The system is running on linux so read/write to separate disks is not a problem. I can even separate the small data from the big data because the data that is placed in a given directory tends to stay around the same size, with the exception of the spool directory that is.

As far as holding it in ram until completely downloaded, i'm not really sure. I would think that it does on most files because it has to piece the file together from frames using sequence numbers. Raid 1 is not needed due to the general volitility of the data.

What about onboard vs controller card also.
 

specialk90

Distinguished
Apr 8, 2009
303
0
18,790
I really think that the pieces are not being held in ram due to the fact that your drive is being overtaxed. It might be setup to only store small chunks, like 5MB, and then write to disk which would still cause problems for a single drive.

Onboard vs hardware Raid: now that I reread your original statement, I realize that you really need some storage power. What motherboard do you have and how many PCI-Express slots does it have?(this is for hardware raid)

I really think 2 sets of raid 0 would be best: 1 for incoming/decoding and the other for reading by your network and at least 10k rpm. Before I go any further, what is you budget?
SSD drives are almost what you need but the large size difference of your files combined with constant writes- this would bog down the top of line Intel X25. SSD's just aren't ready for prime time in heavy writing environments. I can also tell you that using the smallest stripe in your Raid will help with all the small files but hurt the speed of larger files.

The best solution is using Ram to store the pieces and Raid for decoding & reading. Is the Decoding done via other hardware or is it done via software on the host pc? If on host pc, can it still keep the files in ram and decode from there so then it only needs to write to disk when done decoding.
 

icedown

Distinguished
Apr 11, 2009
4
0
18,510
The software i'm using is written in tcl. I'm not very familiar with the language so it will take me some time to decipher how it deals with the fragmented data in the feed. As far as hardware, I'm currently running a AMD Athlon 2.5gHz, 1.5gb ram and a GA-7N400-pro2. It has a flaky sata hd controller on it, but currently it's the most powerful spare I have. When I get the cat5 cable buried from my sat to the house, I'm probably going to put it into my house server. It's a dual xeon 2.4gHz box. It has open pci and pci-x slots. It's an Intel server mb, I don't remember the model.

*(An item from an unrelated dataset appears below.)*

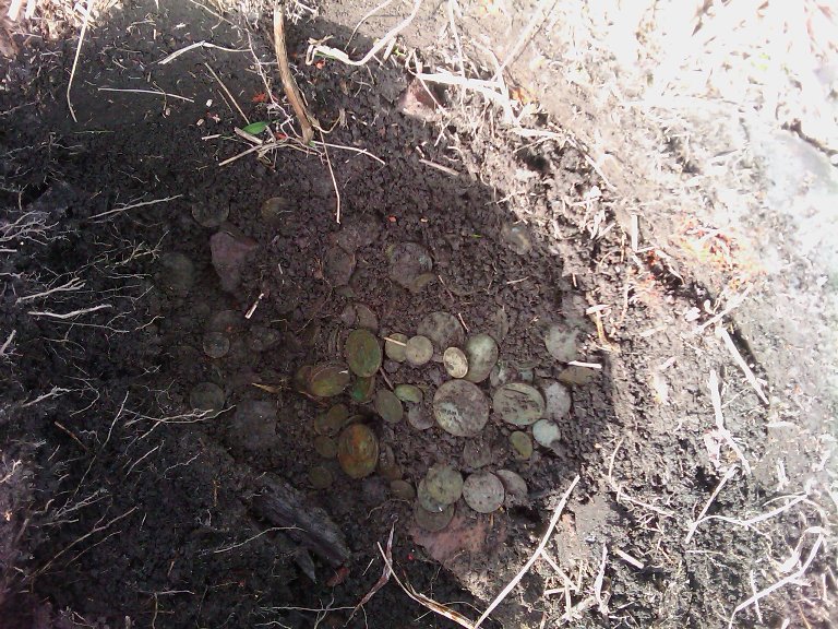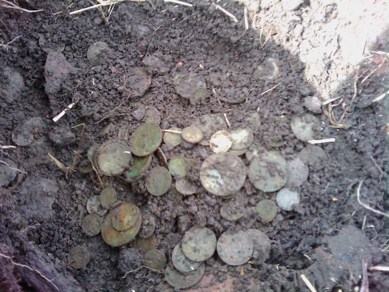 Здравствуйте коллеги ,много читаю рассказы о нашедших клады и только радуюсь за них. И вот пришла возможность рассказать свою историю .Дело было прошлой весной (раньше не было возможности ,да и времени , перекинуть фото с телефона ) .Как стаял снег ,начали ездить на коп за тридевять земель, думая чем дальше, тем больше накопаем . Но увы, бывало что и с пустом приезжали ,Трава все больше подрастает а в коробке не копится , вот я и решил пробежаться по старым местам . С прошлого года вспомнил одну деревеньку где попались мне две слипшиеся монетки Николая второго и решил там повыбивать все сигналы .Пришел на место , начал выкапывать все железо в подряд, не прошло и десяти минут и бац б..... они и посыпались , радости была полная ..опа . Не смотря на сырую землю ,встал на колени и начал выгр###### монетки , я выгребаю а они все высыпаются и высыпаются . Мозг отключился, включился когда все выгреб и сигналы закончились . В кладе насчитал 2200штук , от копейки до пяти . После этого отпало желание уезжать черт знает куда на покопушки , хожу по местным деревушкам . Вот такая вот история . Да про монеты. Через 2 недели приехал дядька с толстым кошельком и все забрал. За рассказ особо не пинайте , я не писатель . С Уважением ко всем.

A statistic sample is at http://www.stormguardsolutions.net/stats.html These are in one minute intervals. Each product is a file. This is not at a peak time. This is around average. This is before decoding. Maybe this will help explain the data stream a little better. missed products are ones that not all the frames arrived. This is due to a slight misalignment in on the dish itself. I'm still refining dish settings.

 

specialk90

Distinguished
Apr 8, 2009
303
0
18,790
Because your current motherboard is not an Intel, (so it doesn't have Intel's excellent onboard Raid) I would try a 2nd drive and separate the reads and writes between the two drives. If you want to spend time on trial and error, you could try another 7200rpm. Oh wait, that reminds of something great for your needs: short stroking. This is something you can already do with your current drive. What you do is create a single partition on the first 40-50GB and leave the rest of the drive clean(so no more partitions at all). This is short stroking. It shortens the amount of physical space the drive must seek, GREATLY improving random access. Tom's Hardware just did an article on this testing 250GB Hitachi's, 1TB Hitachi's, 15k Seagate's and a couple SSD's. On the 250GB single drive, performance improved 65% when going from the full drive to the first 34GB and about 90% using only the first 12GB. Law of diminishing returns shows that 34GB-ish is the sweet spot for a 250GB drive. And because you said that about 60GB of data is collected and dumped every few days, you can benefit greatly from short stroking. I don't think Raid will be needed after all. Another thing to consider is the amount of space already used by the OS & software - is this on the 320GB drive?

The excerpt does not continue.